The CoC is the world's most powerful lobbying machine and it's working to make sure our money gets funneled to corporate execs.

Perhaps the greatest public deception surrounding today's financial meltdown is the notion that it is unique -- a once-in-a-lifetime crisis that reflects bad luck rather than any fundamental problem with the U.S. banking system's sway in global politics.

The truth is that throughout the 1980s, the major money center banks were in much the same situation they find themselves in today.

But the U.S. Chamber of Commerce plans to spend $100 million on a lobbying push to tell you the otherwise. It's a very careful strategy designed to ensure that Wall Street maintains the power to hijack the economy and demand epic bailouts from ordinary citizens as a reward for its own greed.

The name may sound like a coalition of your friendly neighborhood small-business proprietors, but in truth, the CoC is the world's most powerful lobbying machine for the corporate executive class.

Between 1998 and 2009, the CoC's campaign contributions dwarfed those of every other interest group in the United States -- over $447 million, more than double the next closest political influence peddler, according to the Center for Responsive Politics. If you add up the total contributions of Exxon Mobil, tobacco giant Altria (formerly known as Philip Morris) and GE, you won't even get close to what the CoC spends on congressional favors.

"The Chamber," as the group ominously refers to itself, opposes key issues like universal health care, expanded unionization, efforts to curb global warming and even pay restrictions for the CEOs of bailed-out banks. Their new lobby assault is an attack on regulation and any other attempt to control the economic wrecking crew in the U.S. banking sector.

"Our biggest worry is the issue with the Congress and then the follow-on regulations," CoC President and CEO Thomas Donohue said in a recent Fox News interview. "We supported the TARP funds, we supported issues to clear up the issues on General Motors, because this is a most extraordinary time. But now it is a moment to say 'OK, we've gone there, let's stop.' "
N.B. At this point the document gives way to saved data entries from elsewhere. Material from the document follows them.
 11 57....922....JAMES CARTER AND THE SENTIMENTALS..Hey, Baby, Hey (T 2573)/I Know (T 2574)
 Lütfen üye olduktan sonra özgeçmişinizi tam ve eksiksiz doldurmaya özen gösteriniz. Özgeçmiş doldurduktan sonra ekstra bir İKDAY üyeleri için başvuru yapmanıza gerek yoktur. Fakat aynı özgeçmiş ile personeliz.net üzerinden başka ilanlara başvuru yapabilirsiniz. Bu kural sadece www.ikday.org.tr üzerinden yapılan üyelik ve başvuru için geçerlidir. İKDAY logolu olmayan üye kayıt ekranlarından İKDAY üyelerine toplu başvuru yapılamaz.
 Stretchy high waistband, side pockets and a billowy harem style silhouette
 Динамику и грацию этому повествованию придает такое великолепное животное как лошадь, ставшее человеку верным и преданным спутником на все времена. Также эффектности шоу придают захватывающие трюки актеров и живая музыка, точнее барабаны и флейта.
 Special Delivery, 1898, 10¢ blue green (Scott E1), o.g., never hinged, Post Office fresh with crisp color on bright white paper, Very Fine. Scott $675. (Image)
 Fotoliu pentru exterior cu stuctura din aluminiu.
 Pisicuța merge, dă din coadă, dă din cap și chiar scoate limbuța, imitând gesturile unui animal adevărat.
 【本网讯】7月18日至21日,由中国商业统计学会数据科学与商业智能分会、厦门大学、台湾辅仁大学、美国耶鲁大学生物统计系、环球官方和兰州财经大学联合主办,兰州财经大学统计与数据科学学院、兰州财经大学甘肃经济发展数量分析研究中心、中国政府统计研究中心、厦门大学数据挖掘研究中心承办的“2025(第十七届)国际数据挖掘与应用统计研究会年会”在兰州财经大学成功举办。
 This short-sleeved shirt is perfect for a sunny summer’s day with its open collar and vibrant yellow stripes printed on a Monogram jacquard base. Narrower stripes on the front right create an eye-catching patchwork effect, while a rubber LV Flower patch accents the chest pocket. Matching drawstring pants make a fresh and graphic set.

Donohue's argument is simple. With the economy on the verge of collapse, the government needs to funnel trillions of dollars to failed businesses just this one time, and then leave corporate execs to their own devices once the storm passes. Of course, Donohue's story is also a complete lie. Big bank bailouts have happened before, and without radical changes to the government's oversight of the financial sector, they will happen again.

In 1982, JPMorgan, Bank of America and Citibank were all facing financial ruin. They had made billions in expensive, high-interest loans to developing nations in Latin America, and the nations simply could not afford to repay them. These loans accounted for more than double the amount of money that the banks had set aside as a cushion against losses, according to FDIC data. Accounting for the loans accurately would have meant filing for bankruptcy.

"They were a lot like subprime mortgage loans," says William Black, a senior bank regulator from the 1980s, who now teaches law and economics at the University of Missouri at Kansas City. "They were never very good loans to begin with, so the borrowing never made a whole lot of sense."

But compliant U.S. regulators didn't make the banks record losses on the loans that were never going to be paid back. Between 1982 and 1987, no major money center bank realized any loss on a loan to a nation in Latin America. As the crisis dragged on, the International Monetary Fund eventually stepped in, amid heavy negotiations between foreign governments, the banks and the U.S. Treasury Department.